▶ _The task_:
Reproduce exactly the first line of the material below and every line after it, ending with the line that contains "con OK. | ||". No pictures should be copied.

▶ _Source data_:
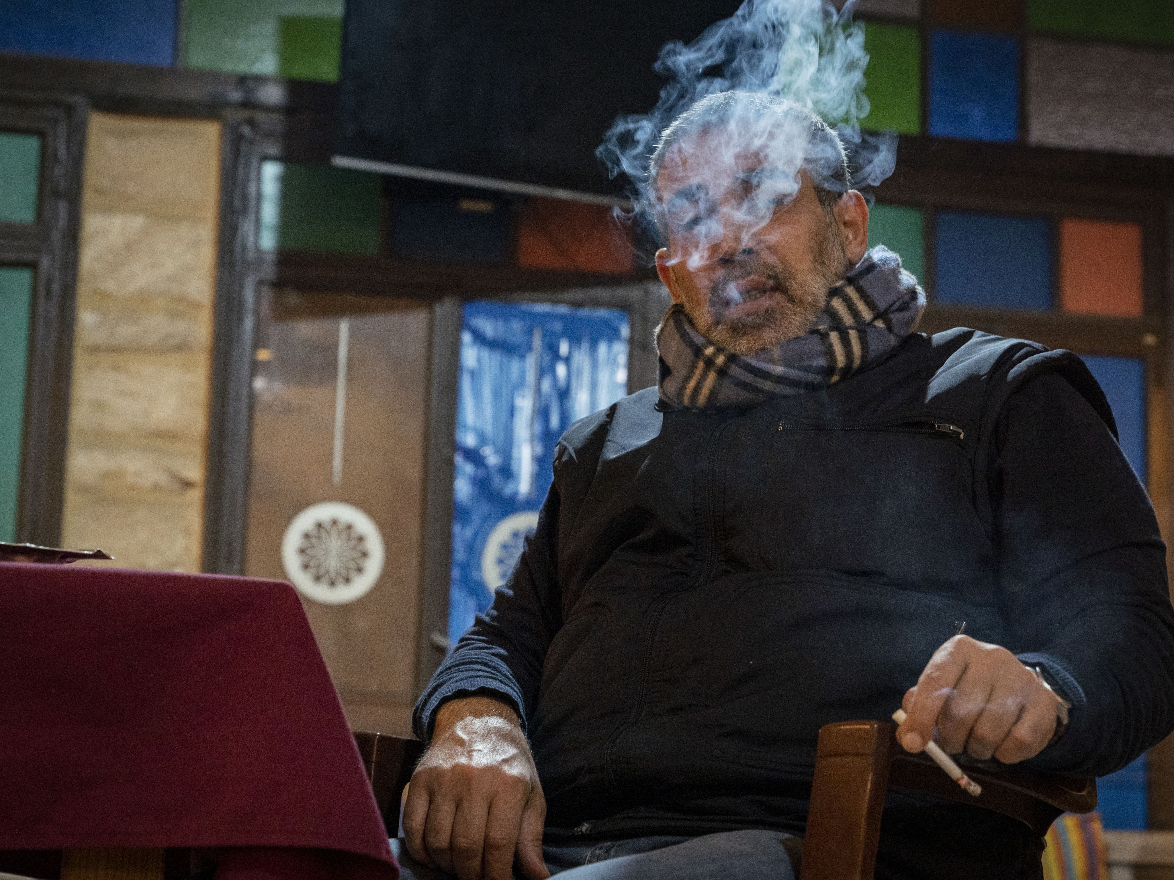 “Honestly, I like to watch and eavesdrop on them,” he says, nodding towards a group of men slapping playing cards down on a table, an argileh pipe hanging from each of their mouths.
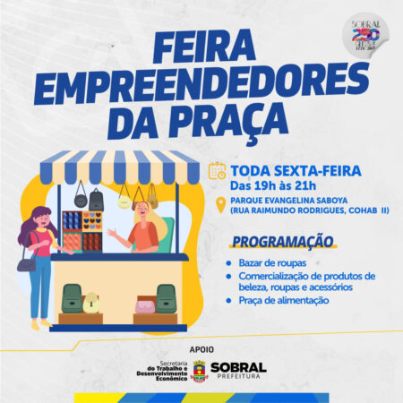 Concludentes do programa Qualifica Mais Progredir do curso de Formação Inicial e Continuada em Microempreendedor Individual (MEI), da Escola Paulo Aragão, realizarão feiras semanais intituladas de “Empreendedores da Praça”, com apoio da Secretária do Trabalho e Desenvolvimento Econômico (STDE). A atividade, que contempla ex-alunos e empreendedores locais, será realizada toda sexta-feira, das 19h às 21h, no Parque Evangelina Saboya, na Rua Raimundo Rodrigues, Cohab II.
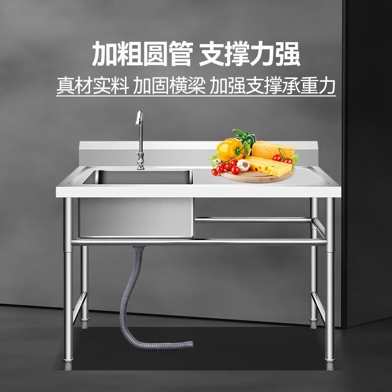 304不锈钢水槽厨房支架商用饭店洗衣台洗菜盆洗碗池带平台洗刷盆
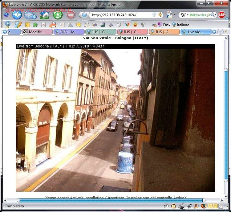 | 3. Con un clic sulla stringa si accede a una nuova pagina che riporta una breve descrizione e il link. Selezionandolo, viene visualizzata la pagina di ricerca di Google, cioè i link a tutte le Webcam connesse e prodotte da Axis. Cominciamo quindi a cliccare su ogni collegamento alla ricerca di una IPCam pubblica. 4. Per accedere a una Webcarn potrebbe essere necessario installare un programma di controllo. Per farlo si clicca su fare clic qui per installare il seguente controllo ActiveX e poi su installa ActiveX. L’installazione dell’ActiveX parte con un clic su Installa. Poi bisogna selezionare I accept the Licenze agreement e confermare con OK. | ||
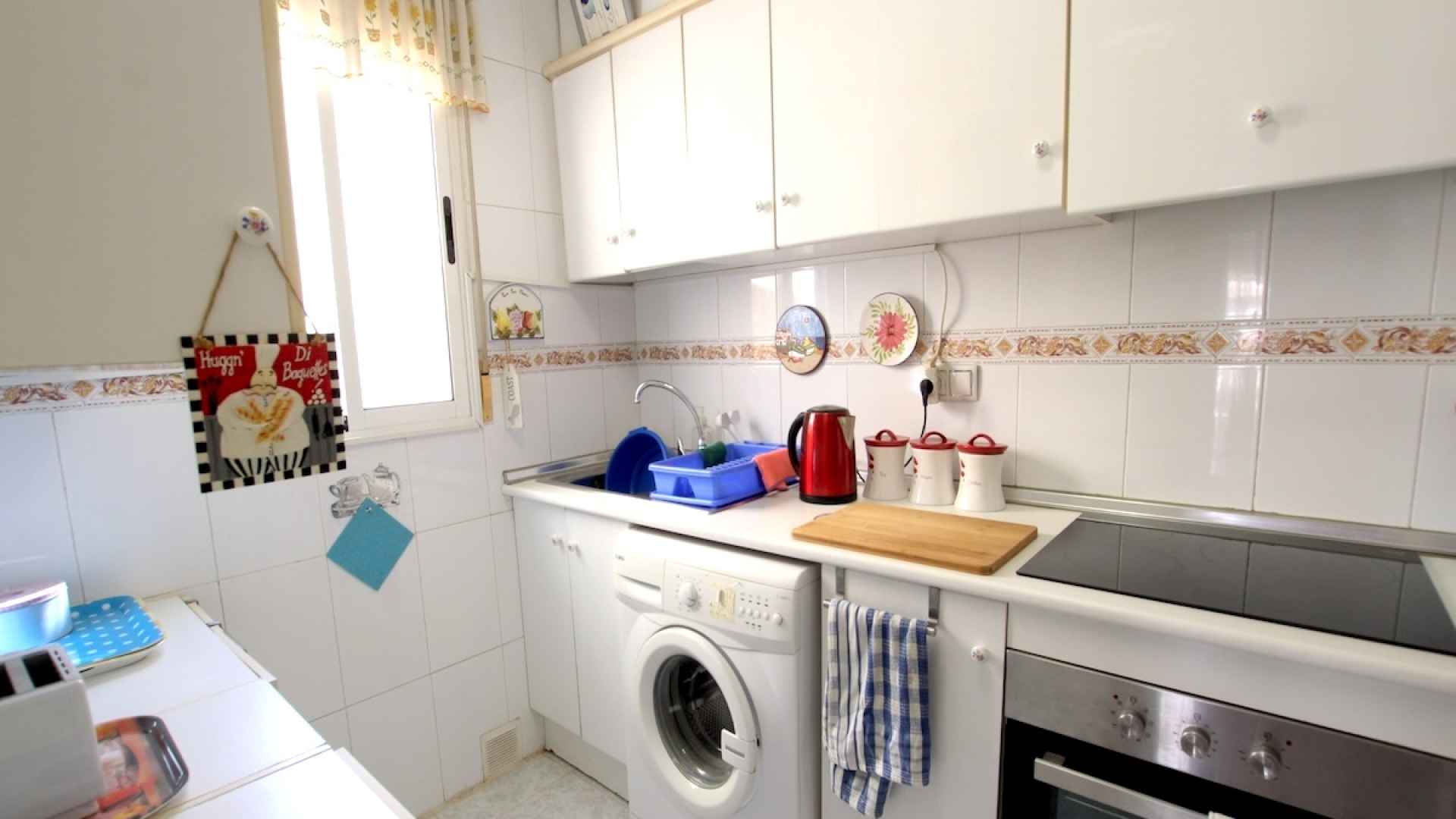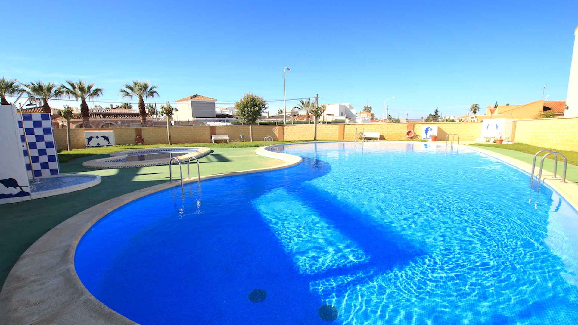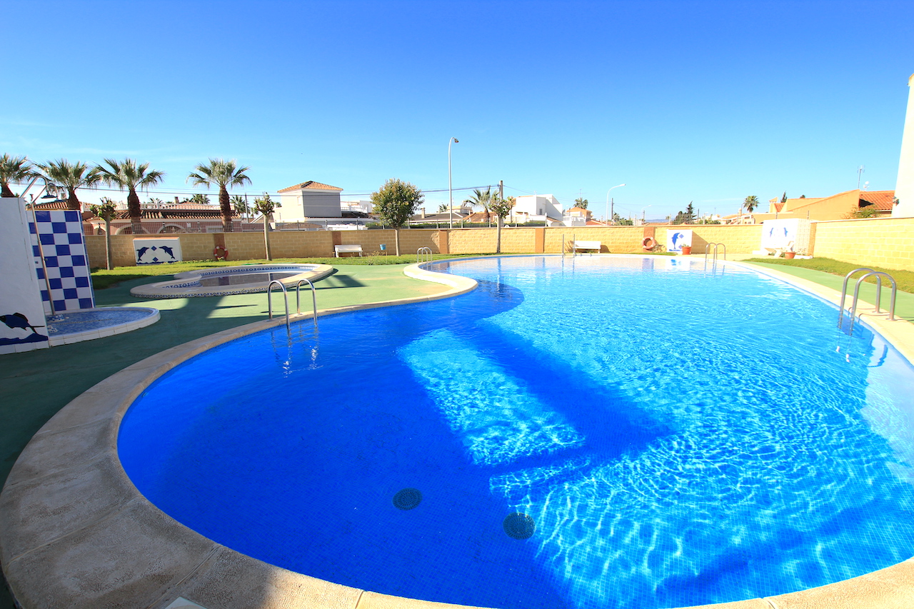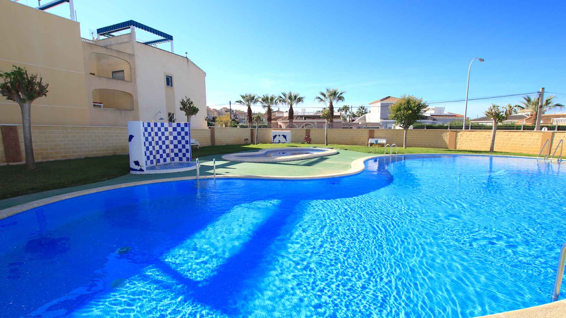 This nicely presented, two bedroom top floor is located in the popular El Chaparral area of Torrevieja on the Costa Blanca South. The area is surrounded by an abundance of amenities and has a main bus route that will take you into the main part of the city. The property is situated on a well maintained urbanisation with a lovely communal pool and garden area. In just a 5 minute drive you will find the wonderful Habaneras shopping mall, Carrefour superstore plus a multi-screen cinema and bowling alley. Also nearby you have a great choice of sandy beaches and coves along with the wonderful seafront promenade and Marina. For the keen golfer there are some wonderful golf courses in the area including; Villamartin, Campoamor, Las Ramblas, La Finca & La Marquesa.
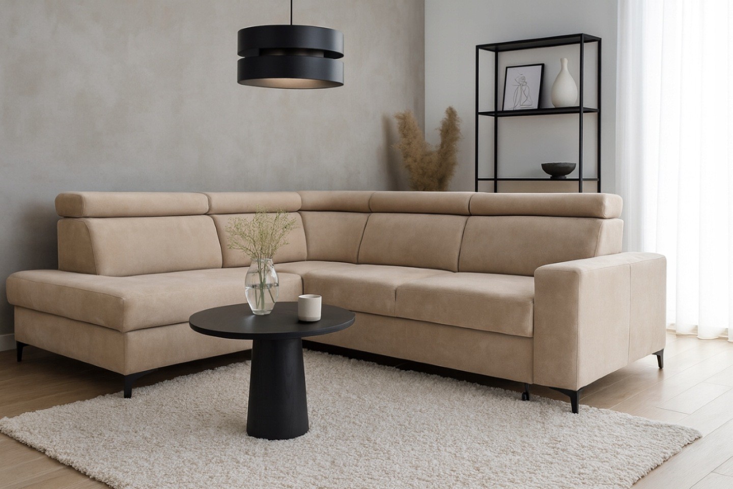 Nowoczesny narożnik z regulowanymi zagłówkami, który umożliwia dopasowanie oparcia do wysokości osoby siedzącej.
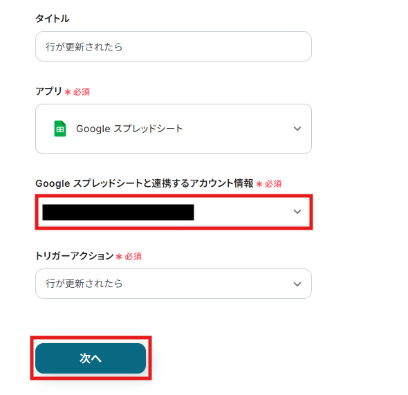 (2)「Googleスプレッドシートと連携するアカウント情報」で対象のGoogleスプレッドシートのアカウント情報を選択し、「次へ」をクリックします。

▶ _Solution to the problem_:
 “Honestly, I like to watch and eavesdrop on them,” he says, nodding towards a group of men slapping playing cards down on a table, an argileh pipe hanging from each of their mouths.
 Concludentes do programa Qualifica Mais Progredir do curso de Formação Inicial e Continuada em Microempreendedor Individual (MEI), da Escola Paulo Aragão, realizarão feiras semanais intituladas de “Empreendedores da Praça”, com apoio da Secretária do Trabalho e Desenvolvimento Econômico (STDE). A atividade, que contempla ex-alunos e empreendedores locais, será realizada toda sexta-feira, das 19h às 21h, no Parque Evangelina Saboya, na Rua Raimundo Rodrigues, Cohab II.
 304不锈钢水槽厨房支架商用饭店洗衣台洗菜盆洗碗池带平台洗刷盆
 | 3. Con un clic sulla stringa si accede a una nuova pagina che riporta una breve descrizione e il link. Selezionandolo, viene visualizzata la pagina di ricerca di Google, cioè i link a tutte le Webcam connesse e prodotte da Axis. Cominciamo quindi a cliccare su ogni collegamento alla ricerca di una IPCam pubblica. 4. Per accedere a una Webcarn potrebbe essere necessario installare un programma di controllo. Per farlo si clicca su fare clic qui per installare il seguente controllo ActiveX e poi su installa ActiveX. L’installazione dell’ActiveX parte con un clic su Installa. Poi bisogna selezionare I accept the Licenze agreement e confermare con OK. | ||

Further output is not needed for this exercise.